WORK REQUIRED —
Where the data below begins, start retyping exactly, and end on the line with "Sauvignon Blanc: é", which is included; no picture goes in.

SUPPLIED MATERIAL —
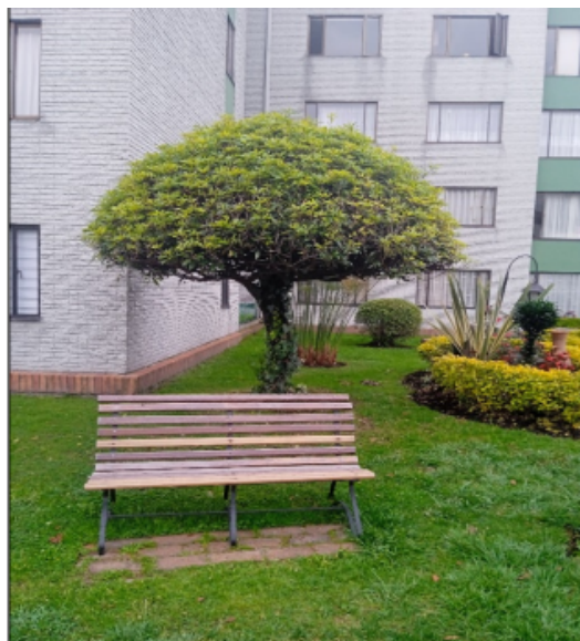
Vista general de individuo de Jazmín del cabo intervenido.
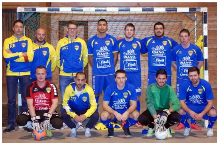
Boca Junior Libramont
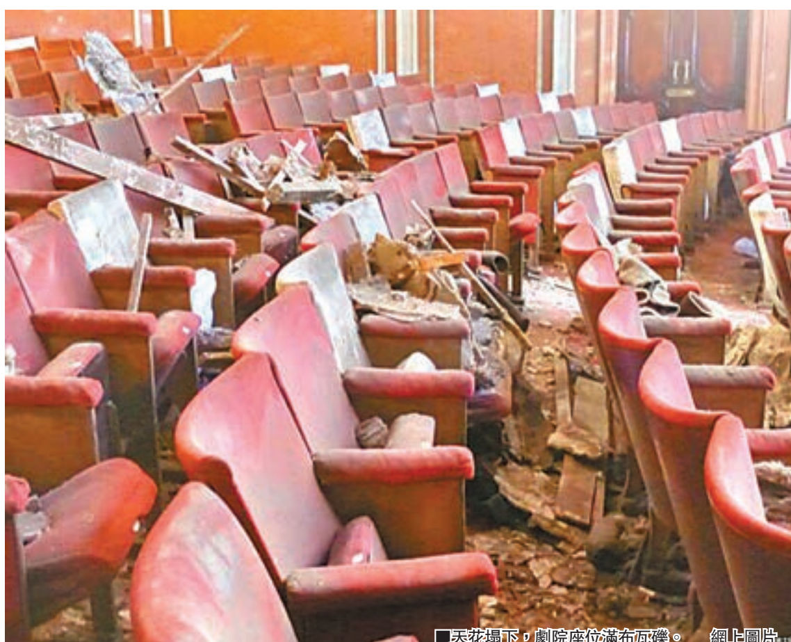
▲天花塌下，劇院座位滿布瓦礫。
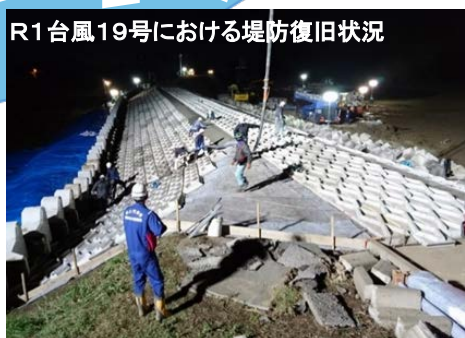
R1台風19号における堤防復旧状況
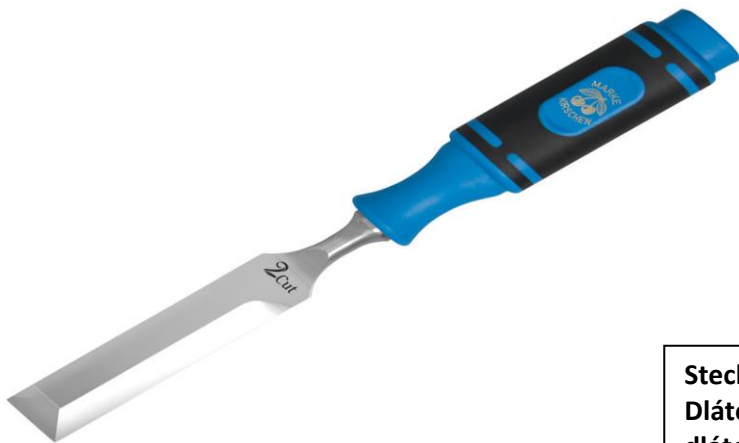
Stechbeitel Dláto dláto
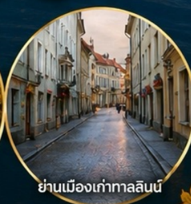
ย่านเมืองเก่าทาลลินน์
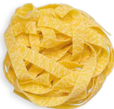
FETTUCCINE ALL'UOVO --Trafilatura al Bronzo--
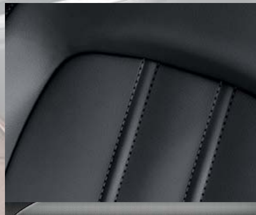
Cuir Mondial Anthracite. 2
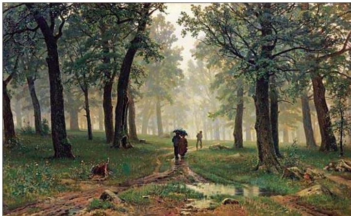
Дождь в дубовом лесу. 1891
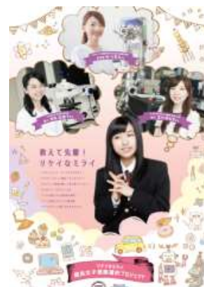
理系分野への進路選択支援啓発資材の作成（H28）

経済の基盤であるモノづくり産業を支える人材の確保・育成は国をあげての急務であるため、女性技術者等の育成支援が強く求められる。
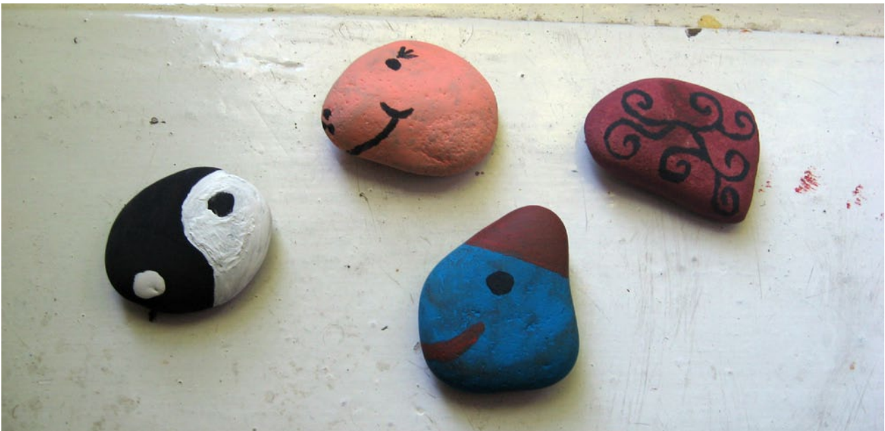
Handbemalte Findlinge (Öko-Werkstatt)

Auch wenn die Lebensweisen in sich sehr differieren, hat die ethnische Zugehörigkeit Einfluss auf den Zugang zu gesellschaftlichen Ressourcen. Bildungsbeteiligung, Bildungsabschlüsse, beruflicher Status der Eltern und die sozioökonomische Lage unterscheiden sich bei jungen Menschen mit und ohne Migrationshintergrund. Insgesamt betrachtet erreichen Jugendliche mit Migrationshintergrund
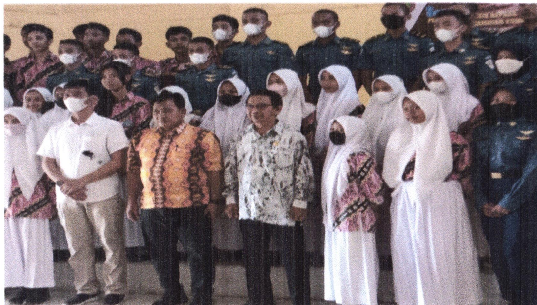
KEGIATAN SOSIALISASI PENDIDIKAN POLITIK DI KEC. KUMAI TANGGAL, 02 JUNI 2022
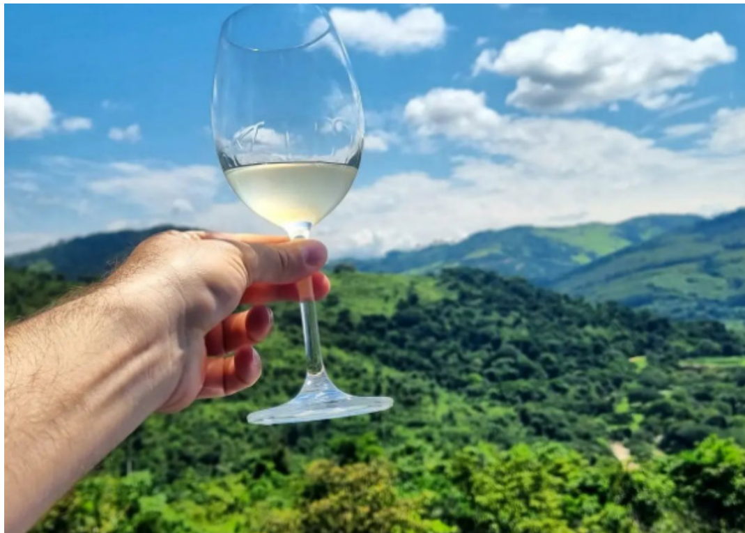
Sauvignon Blanc: é vinho jovem e fresco, com corpo médio

A paixão pelo vinho leva muitos enófilos a sonharem em ter um negócio próprio no setor. O crescimento do mercado nos últimos anos tem encorajado os winelovers a empreender no mundo do vinho, criando sua própria vinícola. Além do constatado crescimento do consumo, grandes players mundiais estão apostando no Brasil.
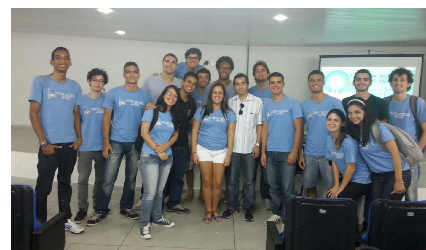
Figura 8. Equipe de organização da Semana Acadêmica do CEAR.
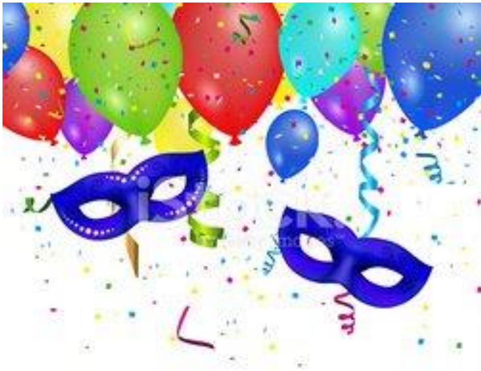
balony, maski, serpentyny, konfetti
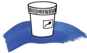
+ Seminogramma +
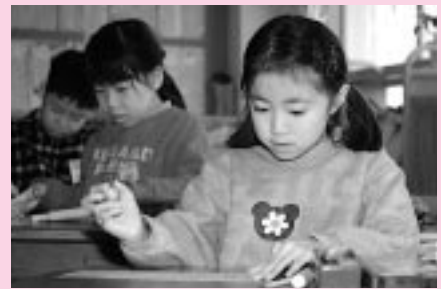
お勉強もいっしょうけんめい
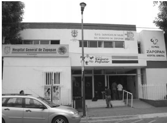
La negligencia médica provocó la muerte de un menor

Además, la PGJE instruyó al agente del ministerio público adscrito al Juzgado de lo Criminal para que vigile el periodo de instrucción de la causa criminal iniciada por estos hechos y, formule, de así proceder, las conclusiones acusatorias correspondientes.
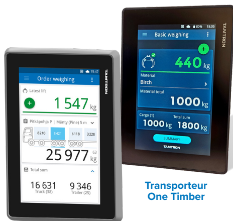
Camion One Timber
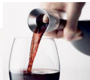
Carafe à vin Menu™
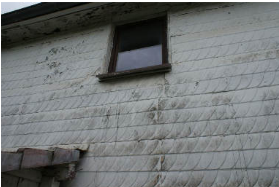
Bild 66 Schadhafte Blechverkleidung am Anbau
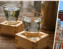
โรงเหล้าสาเก สัมผัสวัฒนธรรมญี่ปุ่น
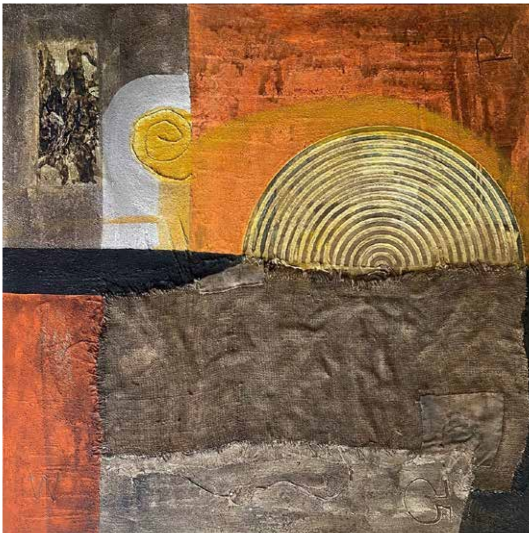
Harmadnapon / Am dritten Tag 2021 vegyes technika, vászon / Mischtechnik auf Leinwand 100 × 100 cm
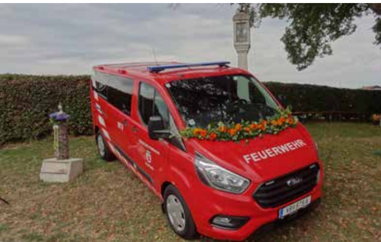
Fahrzeugsegnung FF Pfaffing, neuer MTF der FF Pfaffing
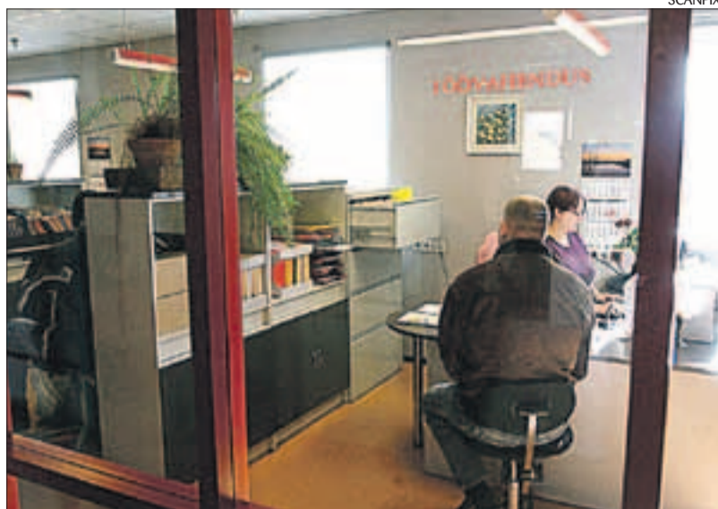
Tööst ilmajäämise korral tuleb ennast aegsasti tööturuametis arvele võtta.

Töö kaotamine on tavaliselt ootamatu ja tuleviku suhtes suurt ebakindlust tekitav olukord. Olles aga esimesest ehmatuses toibunud, on aeg end töötuna arvele võtta ja hakata otsima uusi väljakutseid. Viivitada ei maksa kas või seetõttu, et haigestumise korral peate oma ravikulude eest ise tasuma. Et tööturuametist abi saada, tuleks ennast töötuna või töötajana arvele võtta. Mõistlik on pöörduda sellesse tööturuameti osakonda, kus teil on kõige mugavam hakata käima igakuistel vastuvõttudel. Kindlasti tuleks mõelda sellele, et hüppeliselt kasvavad tööpuudus on tekitanud tööturuameti osakondades järjekorrad. Tavaliselt on nädala esimeses poole
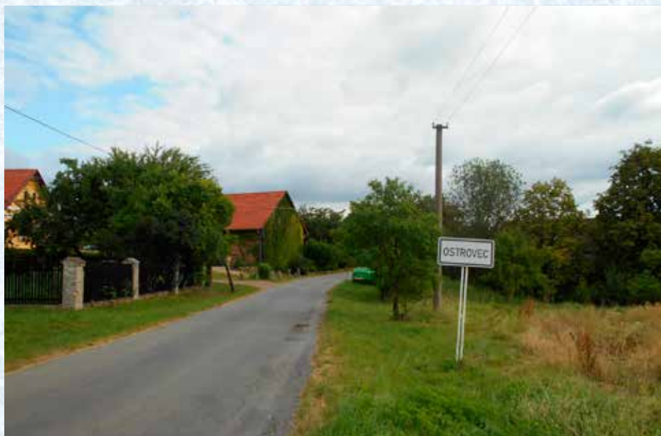
Příjezd do obce.
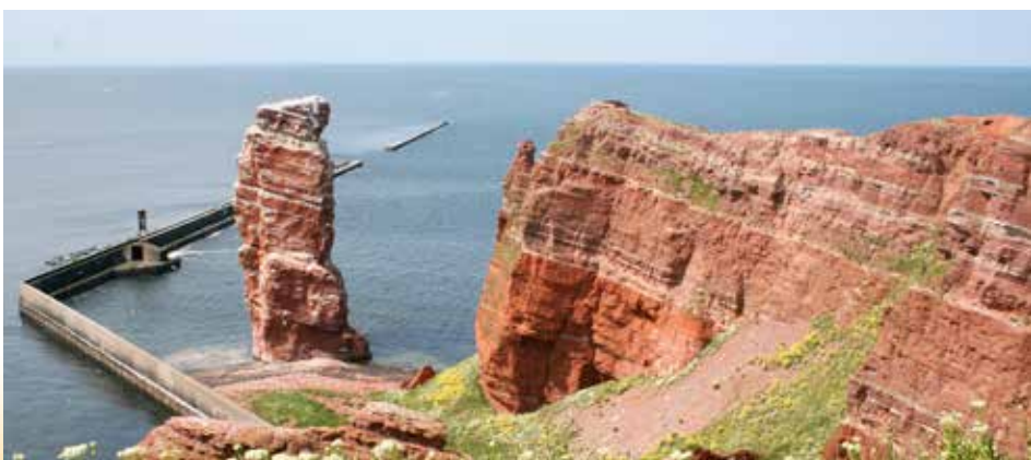
Helgoland, Nathum Stak (Lange Anna)

Reise-Nr. 1714 15. Aug - 20. Aug 2017 6 Tage
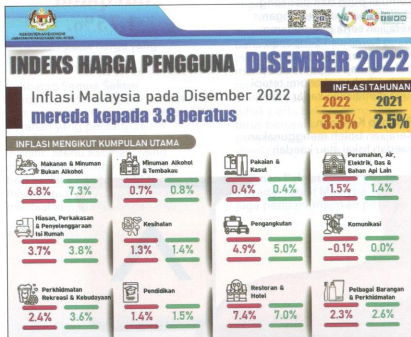
Rajah 2 Indeks Harga Pengguna bagi Bulan Disember 2022.

REPLY TO THE EXERCISE —
Vista general de individuo de Jazmín del cabo intervenido.
Boca Junior Libramont
▲天花塌下，劇院座位滿布瓦礫。
R1台風19号における堤防復旧状況
Stechbeitel Dláto dláto
ย่านเมืองเก่าทาลลินน์
FETTUCCINE ALL'UOVO --Trafilatura al Bronzo--
Cuir Mondial Anthracite. 2
Дождь в дубовом лесу. 1891
理系分野への進路選択支援啓発資材の作成（H28）

経済の基盤であるモノづくり産業を支える人材の確保・育成は国をあげての急務であるため、女性技術者等の育成支援が強く求められる。
Handbemalte Findlinge (Öko-Werkstatt)

Auch wenn die Lebensweisen in sich sehr differieren, hat die ethnische Zugehörigkeit Einfluss auf den Zugang zu gesellschaftlichen Ressourcen. Bildungsbeteiligung, Bildungsabschlüsse, beruflicher Status der Eltern und die sozioökonomische Lage unterscheiden sich bei jungen Menschen mit und ohne Migrationshintergrund. Insgesamt betrachtet erreichen Jugendliche mit Migrationshintergrund
KEGIATAN SOSIALISASI PENDIDIKAN POLITIK DI KEC. KUMAI TANGGAL, 02 JUNI 2022
Sauvignon Blanc: é vinho jovem e fresco, com corpo médio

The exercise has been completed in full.